Despite these unknowns, Dysart says she sees an idea of “psychedelic exceptionalism” taking hold among researchers, users, and venture capitalists — the belief that this class of drugs is inherently less harmful and ultimately more beneficial compared to other medicines.

The sentiment comes in part from the drug's controversial history, causing enthusiasts to now see any friction toward its approval as something to be downplayed. But it also contrasts with the warnings and cautious communal use seen in earlier history. 

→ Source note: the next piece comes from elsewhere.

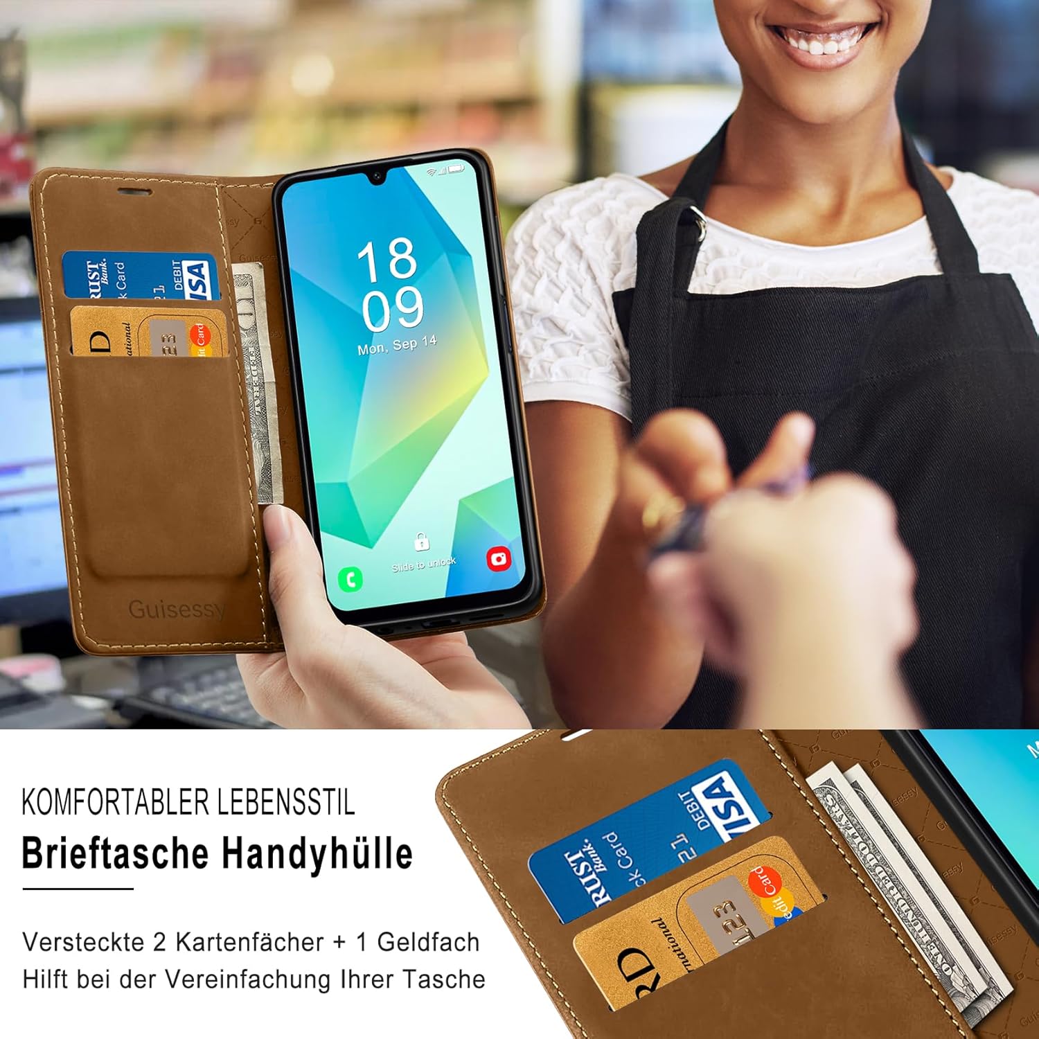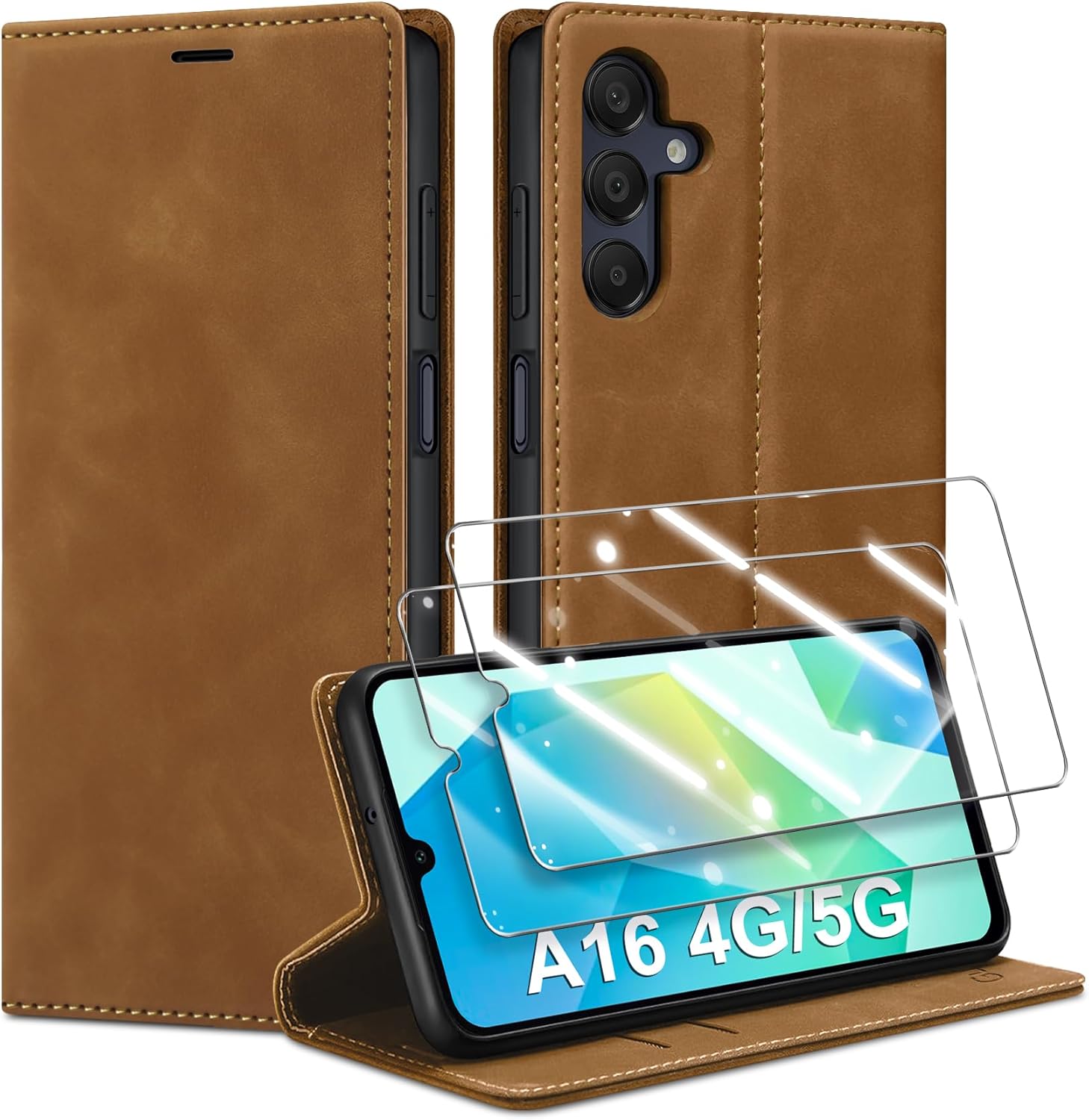 Калъф за мобилен телефон за Samsung Galaxy A16 5G / 4G с кожен калъф и 2 протектора за екран, първокласен сгъваем портфейл с магнитен слот за карти и функция стойка, защитен калъф за Samsung A16 4G/5G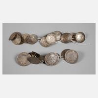 17. bis 18. Jh., 25 Silbermünzknöpfe, darunter 15 Kreuzer Johann Ernst von Thun und Hohenstein 1687, 1688 und 1689; 10 Kreuzer Bayern, Maximilian III. 1775; 3 Kreuzer Tirol Hall, Leopold I. 1685; 4 Kreuzer (Batzen) Erzstift Salzburg, Leopold Anton Eleutherius von Firmian 1727; 4 Kreuzer (Batzen) Salzburg, Anton Fürst Harrach, 1719, 1721, 1723, 1725, 1727; 3 Kreuzer Salzburg Erzbistum Max Gandolph von Kuenburg 1681, 1691, etc., alle gewölbt und mit angelöteten Knopfschlaufen, G ca. 68 g.

“There’s a refrain in psychedelic spaces that they're the next “wonder drug” and that they're not addictive. And I think both of those things are dangerous claims to make,” she said.

"To say that they're a wonder drug and ask them to solve all of our problems seems unfair and not realistic. And to say that they're not addictive means people can sometimes be a little cavalier about their use as opposed to other types of substances.”

A broader historical view can help us approach psychedelic medicine with a more nuanced view. Not as a wonder drug, but as a substance with both benefits and risks. And, one that’s here due to the great care of the people it’s passed through along the way. 

“Those communities have given a lot to medicine and science in ways that are not often acknowledged,” Dysart said. “Recognizing that different types of knowledge can help us understand the full complexity of a plant is really helpful, especially as our understanding becomes increasingly refined or molecularized.”